Kerry-Lee Powell’s debut short story collection is about art, reality, the primacy of vision, and identity
Kerry-Lee Powell is a poet and short story writer in Moncton, New Brunswick, who just launched her first collection of short stories, Willem de Kooning’s Paintbrush. She received a Pushcart Prize special mention for her fiction in 2015 and her debut collection of poetry, Inheritance, was nominated for the 2015 Gerald Lampert Memorial Award. Atlantic Books Today had a chance to learn more about the author’s “rapid” rise to success, her latest work and her focus on both poetry and prose.
Your bio shows a bit of a wandering past; how did you end up in Moncton and how has being in Moncton helped or hindered your progress as a writer?
We moved to Moncton because of my partner’s business. I was writing scientific abstracts for the International Atomic Energy Agency at the time and could work from anywhere. My company subsequently lost their contract in Harper’s big reshuffle of scientific resources, and I was then unemployed in a town where I knew basically nobody. I suddenly had a lot of free time on my hands.

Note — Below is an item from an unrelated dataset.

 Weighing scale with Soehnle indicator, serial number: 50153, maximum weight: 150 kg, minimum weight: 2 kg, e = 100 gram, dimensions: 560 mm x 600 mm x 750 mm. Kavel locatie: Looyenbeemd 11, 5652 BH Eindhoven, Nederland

I had been writing fiction and poetry on the side, but I was devastated at losing my job, actually crying about it one night, and my partner very kindly went out and bought me a bottle of wine and said something along the lines of “this is the best thing that’s ever happened to you, because now you can just do your real writing.”
I tried to honour his kindness to me by taking myself seriously, showing up at the page, sending stuff out to magazines and competitions, applying for residencies and grants. It was really that moment of taking myself seriously because someone believed in me that got me where I am with my work today. But it wasn’t easy; I had walked away from an earlier writing career because I couldn’t cope with the sense of vulnerability and rejection. It’s a tough business!

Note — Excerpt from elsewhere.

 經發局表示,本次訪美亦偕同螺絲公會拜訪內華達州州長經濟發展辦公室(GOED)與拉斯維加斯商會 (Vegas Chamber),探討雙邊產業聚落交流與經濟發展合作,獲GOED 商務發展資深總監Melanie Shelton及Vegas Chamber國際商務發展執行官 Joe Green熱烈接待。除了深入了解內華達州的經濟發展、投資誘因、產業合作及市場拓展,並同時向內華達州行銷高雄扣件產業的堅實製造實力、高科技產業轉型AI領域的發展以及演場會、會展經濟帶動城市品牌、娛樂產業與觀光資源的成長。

Willem de Kooning’s Paintbrush is your fiction debut, but not your first book, as your poetry collection Inheritance came out recently as well. Were you writing fiction and poetry at the same time or do you need to focus exclusively on one?
I’m a very sound-oriented poet, and I think some lines attract me or strike me as belonging more to a poem. A short story tends to develop thematically with me, or as a problem that needs to be solved using a narrative. But really I just feel my way around with lines at first.
Does your ‘poetry mind’ fight your ‘fiction mind’ over great ideas?
I wrote a book of poems related to my father’s death, and it’s not a subject that I really wanted to explore in fiction. I wonder if it’s because I secretly feel that poetry is a “higher form” the way people discern between “Tragedy” and “Comedy.” I could probably have written a prose account of my father’s suicide, but I can’t imagine any of my short stories as poems.
To some, you seem to have come out of nowhere, picking up prize after prize in a very short period of time (Malahat’s Far Horizons, the WFNB’s Alfred G. Bailey Award, The Boston Review Short Fiction Prize etc), and now two books. Nothing happens overnight. In reality, how long a struggle has it been?
As I mentioned earlier, I started out publishing when I was in my twenties, and then gave up after a fairly serious rejection. I was living in the UK at the time, Faber and Faber had been considering me for their first fiction series and I went out and got drunk with sailors (really!) on the day that rejection letter finally came, after a year or so of deliberation.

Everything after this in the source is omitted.